This humorous story was sent to me by a friend of 53 years, Greg Stanford.
I mowed the lawn today, and after doing so I sat down and had a cold beer. The day was really quite beautiful, and the drink facilitated some deep thinking.
My wife walked by and asked me what I was doing, and I said ‘nothing’. The reason I said ‘nothing’ instead of saying ‘just thinking’ is because she then would have asked ‘about what?’ At that point I would have had to explain that men are deep thinkers about various topics, which would lead to other questions.
Finally I pondered an age old question: Is giving birth more painful than getting kicked in the nuts? Women always maintain that giving birth is way more painful than a guy getting kicked in the nuts, but how could they “know”? Well, after another beer, and some more heavy deductive thinking, I have come up with an answer to that question. Getting kicked in the nuts is more painful than having a baby, and even though I obviously couldn’t really “know”, here is the reason for my conclusion.
A year or so after giving birth, a woman will often say, “It might be nice to have another child.” On the other hand, you never hear a guy say, “You know, I think I would like another kick in the nuts.” I rest my case. Time for another beer, and then maybe a nap in that hammock.
A duck walks into a pub and orders a pint of beer and a ham sandwich.
The barman looks at him and says, “Hang on! You’re a duck.”
“I see your eyes are working,” replies the duck.
“And you can talk!” Exclaims the barman.
“I see your ears are working, too,” Says the duck. “Now if you don’t mind, can I have my beer and my sandwich please?”
“Certainly, sorry about that,” says the barman as he pulls the duck’s pint.
“It’s just we don’t get many ducks in this pub.. What are you doing round this way?”
“I’m working on the building site across the road,” Explains the duck. “I’m a plasterer.”
The flabbergasted barman cannot believe the duck and wants to learn more, but takes the hint when the duck pulls out a newspaper from his bag and proceeds to read it.
So, the duck reads his paper, drinks his beer, eats his sandwich, bids the barman good day and leaves.
The same thing happens for two weeks.
Then one day the circus comes to town.
The ringmaster comes into the pub for a pint and the barman says to him, “You’re with the circus, aren’t you? Well, I know this duck that could be just brilliant in your circus. He talks, drinks beer, eats sandwiches, reads the newspaper and everything!”
“Sounds marvelous,”says the ringmaster, handing over his business card.
“Get him to give me a call.”
So the next day when the duck comes into the pub the barman says, “Hey Mr. Duck, I reckon I can line you up with a top job, paying really good money.”

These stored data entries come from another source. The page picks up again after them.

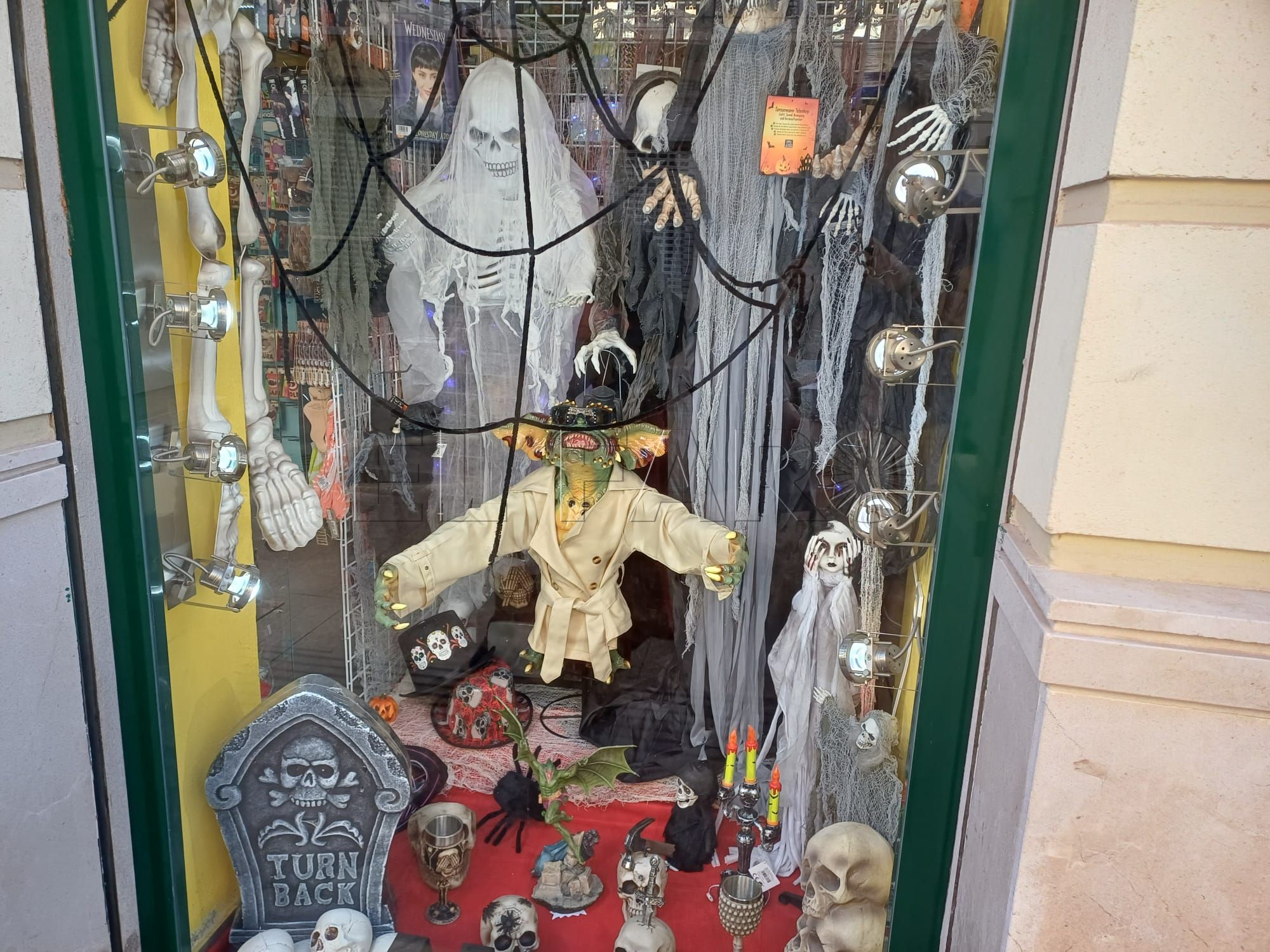 Algunos comercios se han decorado para la ocasión. Escaparates con telarañas falsas, calabazas o calaveras; cualquier artículo es un reclamo visual que invita a los melillenses a entrar y sumergirse en un mundo de fantasía y horror.
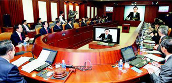 ブラジルを訪問中の李明博(イ・ミョンバク)大統領が18日午前、インターネットを通じて、画像でソウル鍾路区世宗路(チョンロク・セジョンロ)の政府中央庁舍で開かれた閣議に参加している。
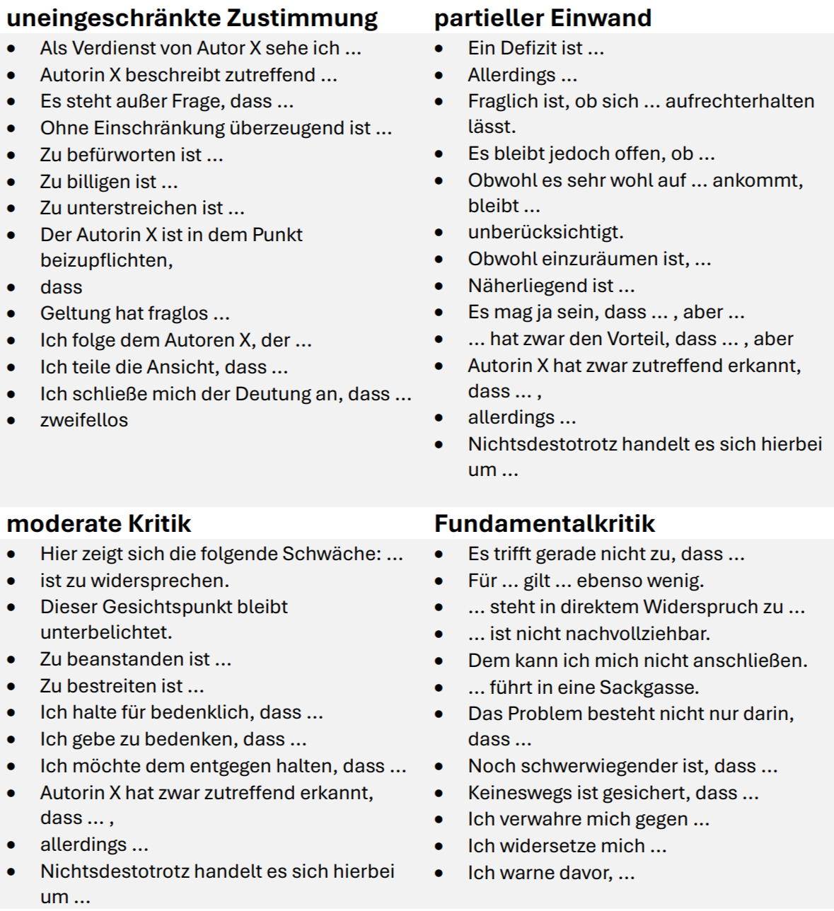 Einige Formulierungsvorschläge in der Diskussion von wissenschaftlicher Literatur finden sich in folgender Übersicht:
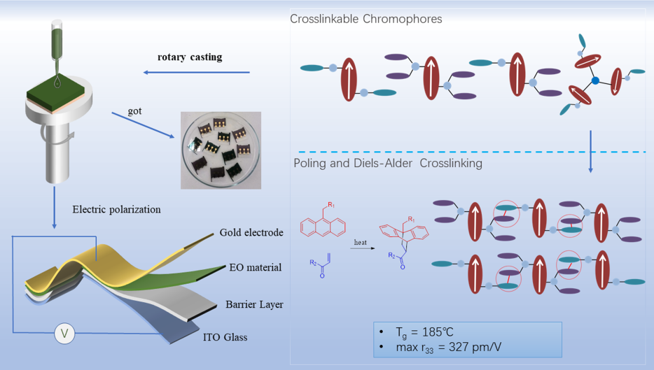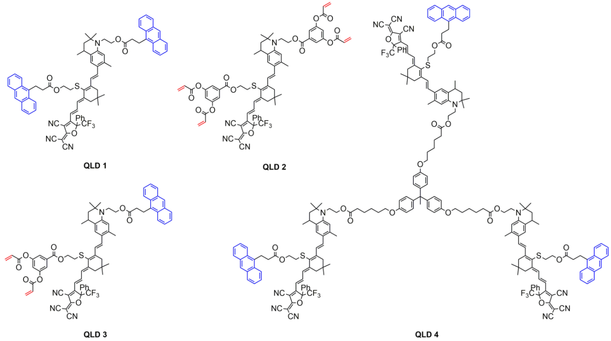 针对这一难点,刘锋钢博士首次提出了二元交联材料的解决方案:将可以交联的蒽和丙烯酸酯基团修饰到发色团QLD1-QLD4的电子给体和电子桥上,发色团在电场的作用下发色极化取向,温度进一步升高,交联反应发生,以网状聚合物的形式固定住已经取向的发色团分子,光热稳定性大幅提升。此外,由于没有小分子/聚合物交联剂的存在,发色团含量高达100wt%,电光系数大幅提升。

“I’m always looking for the next job,” Says the duck.
“Where is it?”
“At the circus,” says the barman.
“The circus?” Repeats the duck.
“That’s right,” replies the barman.
“The circus?” The duck asks again, “with the big tent?”
“Yeah,” the barman replies.
“With all the animals who live in cages, and performers who live in caravans?” says the duck.
“Of course,” the barman replies.
“And the tent has canvas sides and a big canvas roof with a hole in the middle?” persists the duck.
“That’s right!” says the barman.
The duck shakes his head in amazement, and says .. ………
“Why the hell would they need a plasterer??!”